By Jack Caffrey
Capricorn – No one appreciates your narcissism. And we get it, you’re better than everyone else at nearly everything, except wisdom. Also, it’s quite convenient that the symbol for Capricorn is a Sea Goat. You look like one.
Aquarius – You’re beauty, you’re grace, you’re… emotionally insane. Everyone around you is waiting for you to make a good decision for once in your life. However, because you’re so blissfully ignorant, people smile with you and instead only sigh at your dumpster fire of choices.
Pisces – Why you gotta be so mean? You’re so well intentioned. Why you gotta be so mean about it? Behind this spiky exterior, you’re so gooey inside. Decrease the shell, subtract the judgement, and add a buttload of reality to know that you’re rarely ever right.
Aries – You want to drive?! Go ahead and drive! The fact that you’re a control freak shows in every facet of your life. You always have to be right! You always know best! If Jesus Christ himself were here, I bet you still wouldn’t let him take the wheel.
Taurus – The only flaw you have is you’re simply too sweet. Feel free to let loose once in a while. Cut someone off in traffic. Spit on a homeless person. Do anything just short of jail time, and we’ll respect you more.
Gemini – If I had a nickel for every time a Gemini has keyed my car… I’d have ten cents. It’s not much, but it’s still weird that it happened twice.
Cancer – This one kinda speaks for itself, doesn’t it?

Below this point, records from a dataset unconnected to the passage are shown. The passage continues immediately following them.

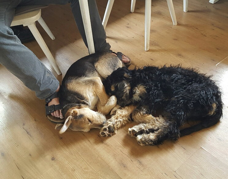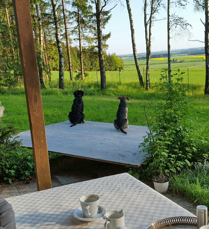 Sie bewegen sich hier also mit großer Selbstverständlichkeit, als seien sie immer schon hier gewesen. Wir haben noch nie derart entspannte Hunde gesehen. Besonders schätzen sie ihr „Hundezimmer“, ein kleiner Schrankraum, der zum Wald hin liegt und daher nicht so sonnig ist. Wenn sie müde sind, ziehen sie sich dorthin zurück. Ebenso genießen sie es, wenn bei kühleren Temperaturen der Holzofen in der Küche eingeheizt wird. Dann liegen sie dort und betrachten das Feuer.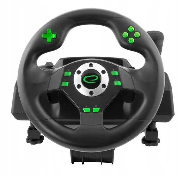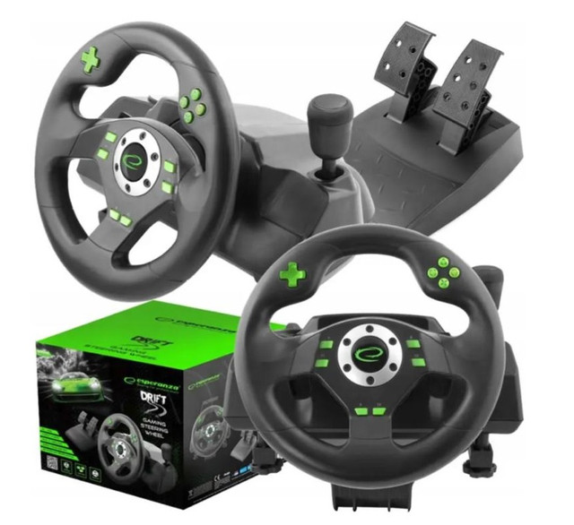 Ігрове кермо Esperanza EGW101 Drift стане чудовим доповненням для любителів автосимуляторів. Пристрій сумісний із ПК та PlayStation 3, оснащений педалями газу та гальма, важелем перемикання передач і вібраційним зворотним зв’язком, що створює реалістичний досвід керування. Кут повороту керма становить 270°, що дозволяє точніше контролювати автомобіль у грі.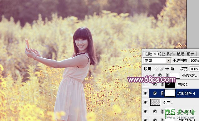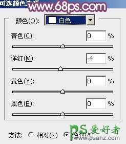 7、创建可选颜色调整图层,对红、黄、白进行调整,参数设置如图23 - 25,效果如图26。这一步微调图片暖色。

Someone asks, “What are you?” You reply, “I’m Cancer.” Damn right you are.
Leo – Capricorn and Aries mixed into one, just happens to be in August.

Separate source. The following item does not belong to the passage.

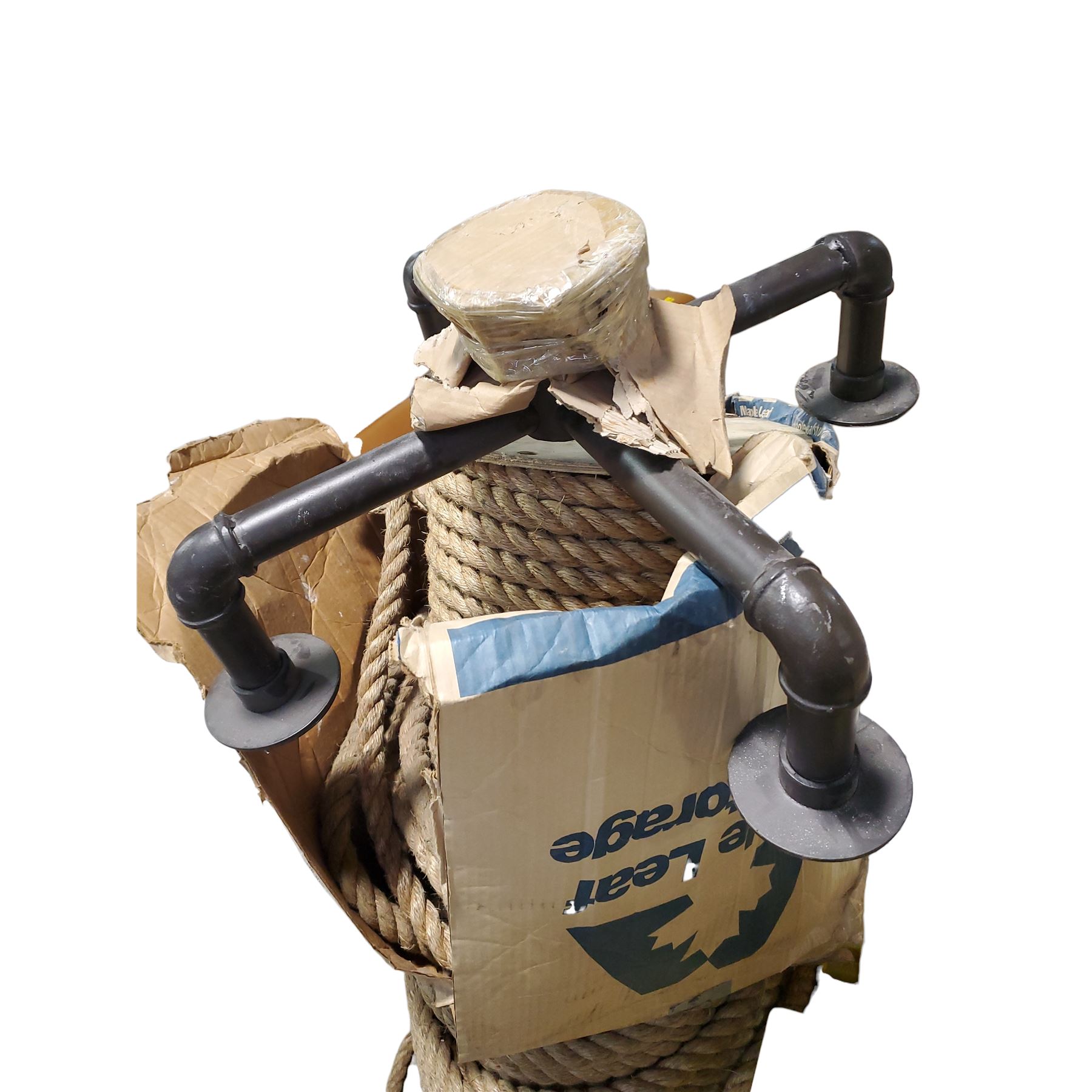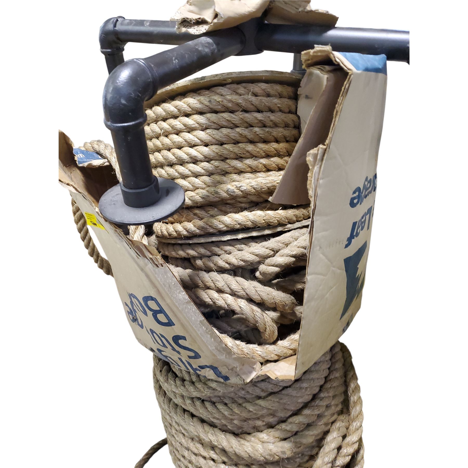 A large, wooden spool wrapped with thick, braided natural fiber rope.

Virgo – Legally, there’s very little I can say here. Instead, I’ve inserted a fun fact. Did you know the Virgo constellation is related to Demeter in Greek mythology, Goddess of the Harvest? And if you’re a Virgo, this is the part where you say, “I did know that.” But you clearly didn’t! Virgo is meant to be a symbol of modesty, but a modest Virgo must be more difficult to find than an open Ely business on Mondays.
Libra – Due to your ability to balance and provide everything for everyone, you’ll constantly feel you receive the short end of the stick. You’ll use this false sob story as a basis for your entire personality. There’s little chance you’ll come to realize that’s just how life is: not fair. Now deal with it like everyone else… and stop dying your hair weird colors…
Scorpio – You will forever be grappling with the fact that you peaked in high school. As you grow older (if you’re not already) you will always retain a sense of wasted potential. Unfortunately, you’ll probably never know that you didn’t have any to begin with.
Sagittarius – The list of famous people who fall under the Sagittarius zodiac sign is impressive. Frankly, I have no notes. In fact, marry me. Marry me now… except you, Jay-Z.